Directions » Write out the listing exactly, from its first line through the line holding "Выполняя отделку квартиры", but include none of the pictures.

Provided material »
>>>>
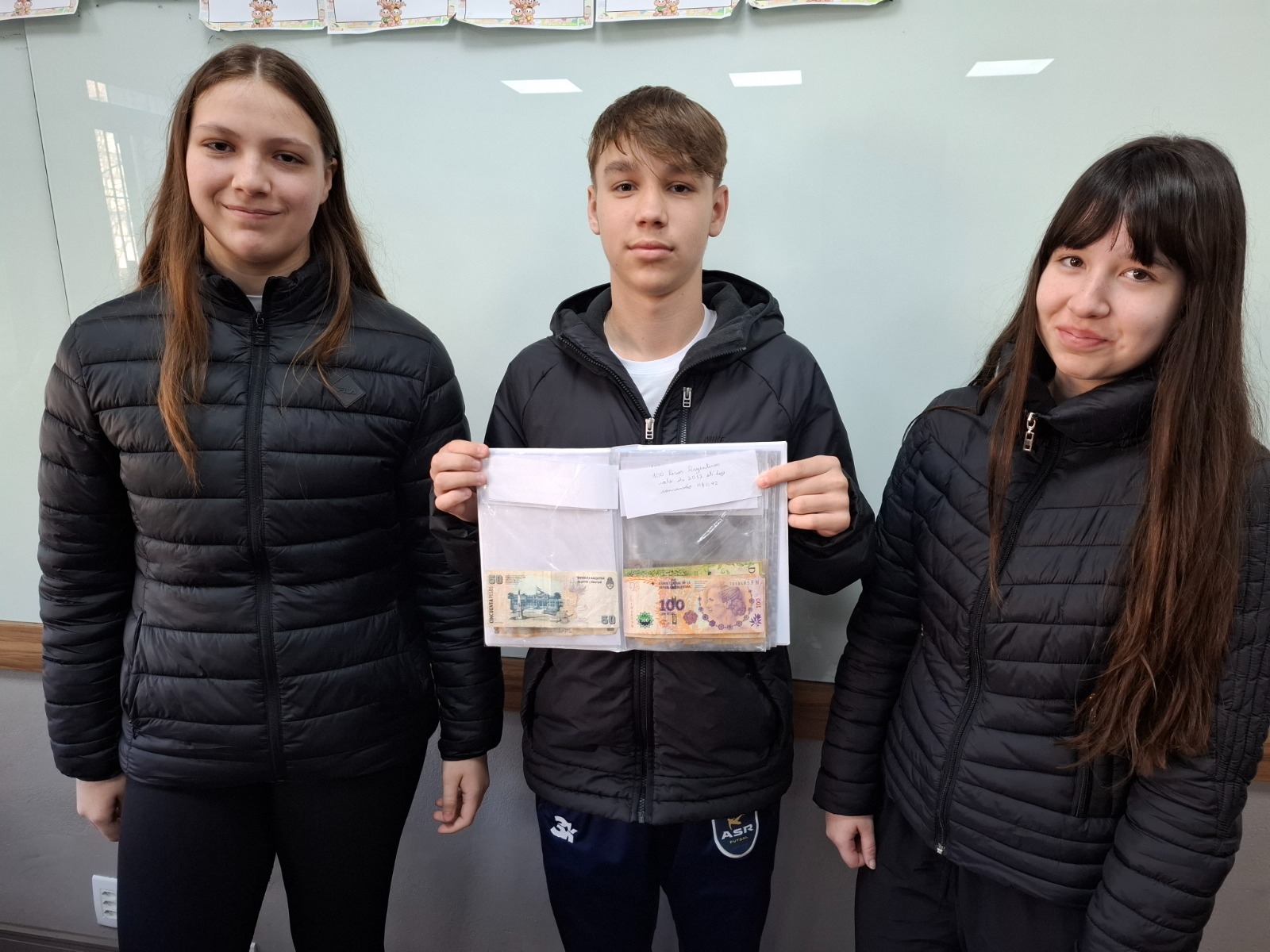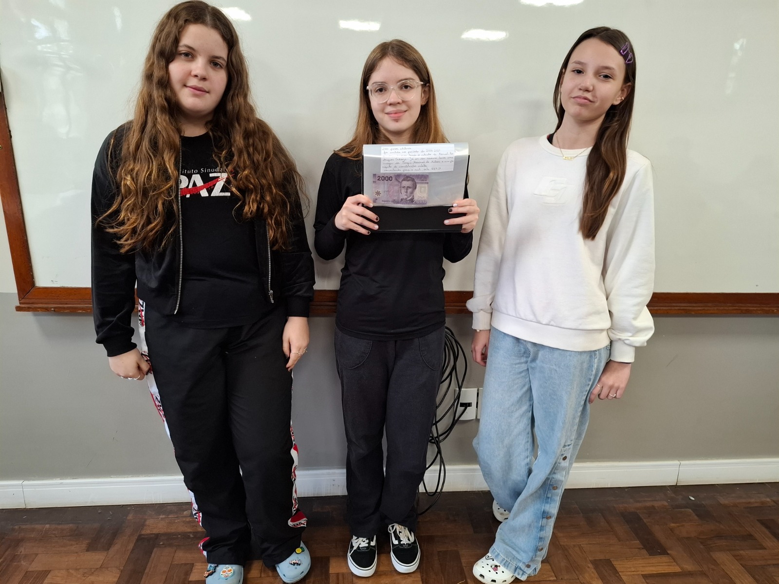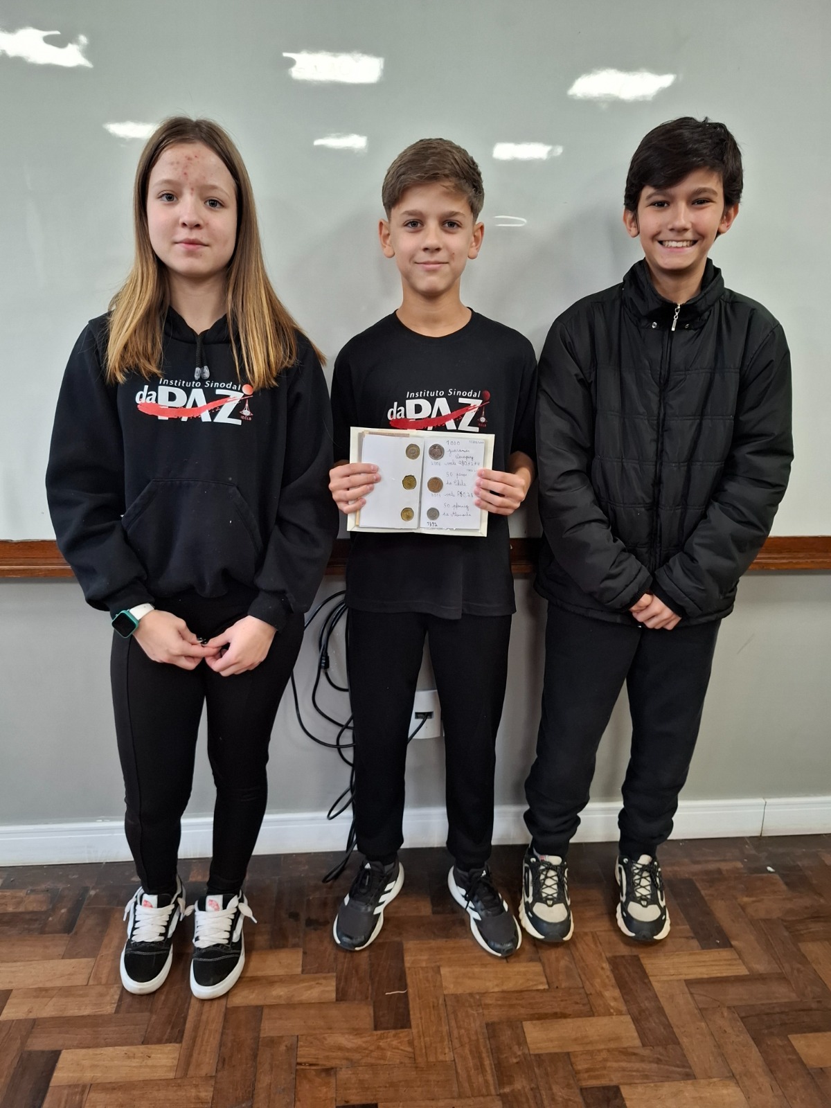 Durante a atividade, eles conheceram diferentes moedas de diversos países, realizaram a conversão cambial e compartilharam várias curiosidades sobre cada uma delas.
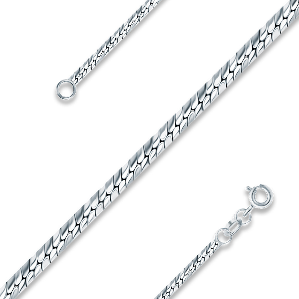Цепочка с плетением "Снейк" – универсальное украшение, которое подойдет на все случаи жизни. Ювелирный аксессуар напоминает скрученную туго веревку, состоящую из плотно соединенных элементов одной плоскости. Основные компоненты изделия – кольца, замок и звенья. Чередование и определенное расположение элементов создают уникальный вид плетения.
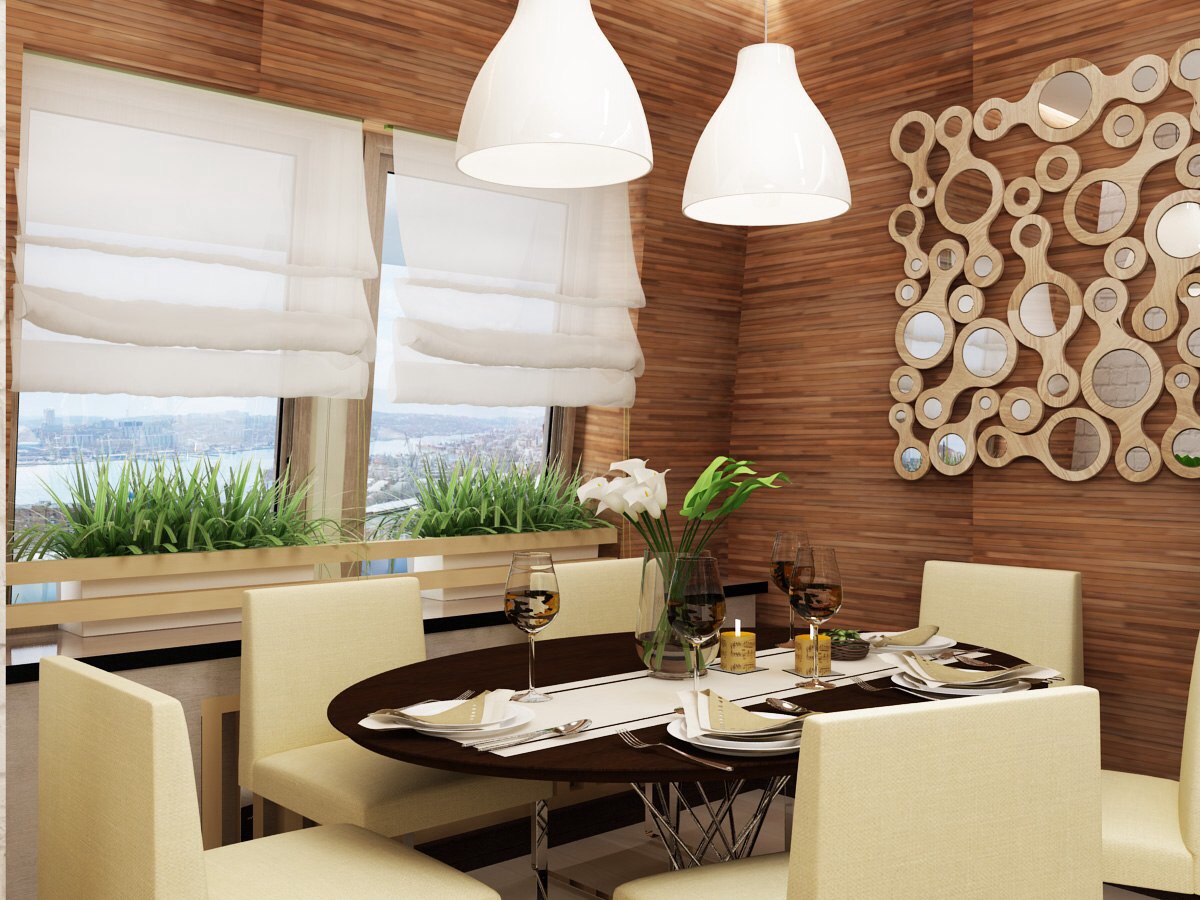 Выполняя отделку квартиры в стиле модерн, часть деревянной отделки можно заменить на однотонные бамбуковые обои. Этот прием не только удешевит проект, но и придаст интерьеру неповторимую оригинальность.
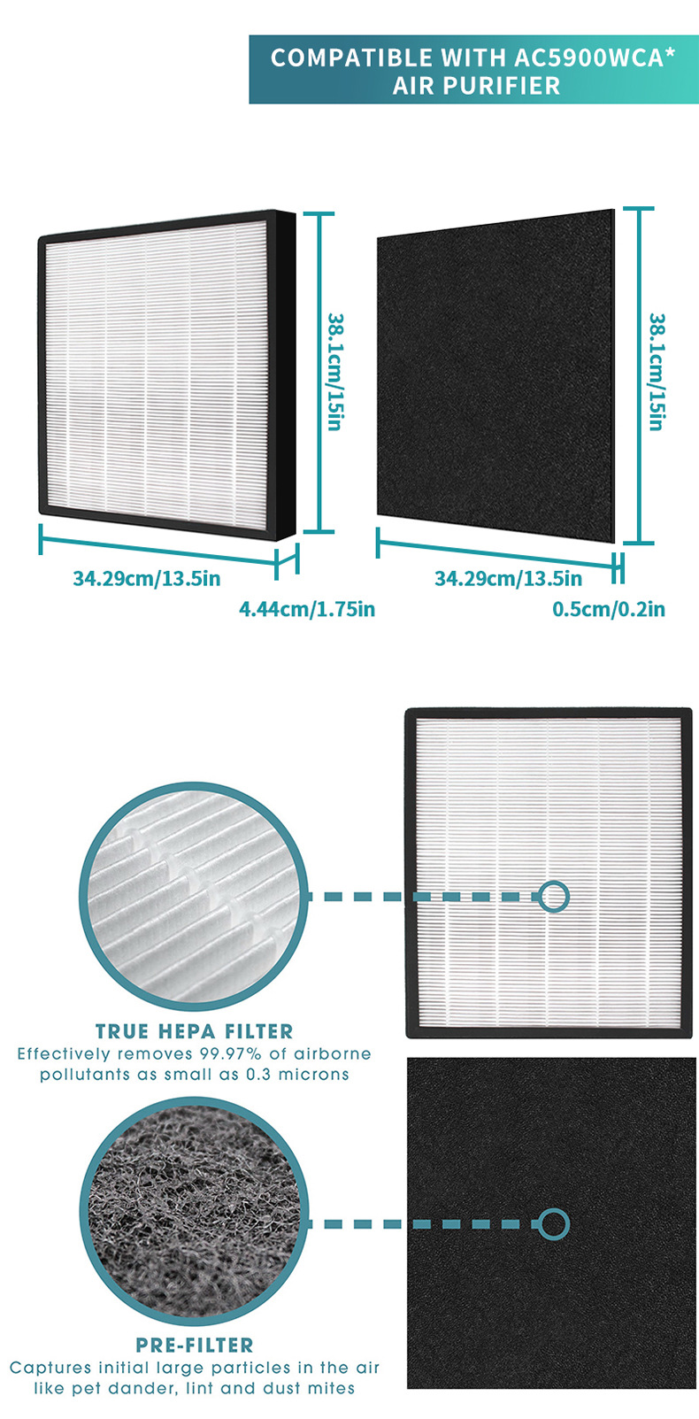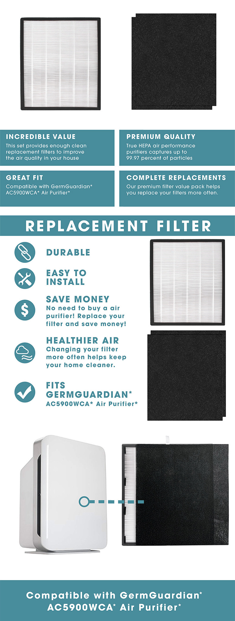 - Wide Compatibility: Designed to perfectly fit Germ Guardian FLT 5900 air purifiers, ensuring an authentic and snug fit for optimal performance. Replaces part number FLT5900.
<<<<
Result of this exercise »
 Durante a atividade, eles conheceram diferentes moedas de diversos países, realizaram a conversão cambial e compartilharam várias curiosidades sobre cada uma delas.
Цепочка с плетением "Снейк" – универсальное украшение, которое подойдет на все случаи жизни. Ювелирный аксессуар напоминает скрученную туго веревку, состоящую из плотно соединенных элементов одной плоскости. Основные компоненты изделия – кольца, замок и звенья. Чередование и определенное расположение элементов создают уникальный вид плетения.
 Выполняя отделку квартиры в стиле модерн, часть деревянной отделки можно заменить на однотонные бамбуковые обои. Этот прием не только удешевит проект, но и придаст интерьеру неповторимую оригинальность.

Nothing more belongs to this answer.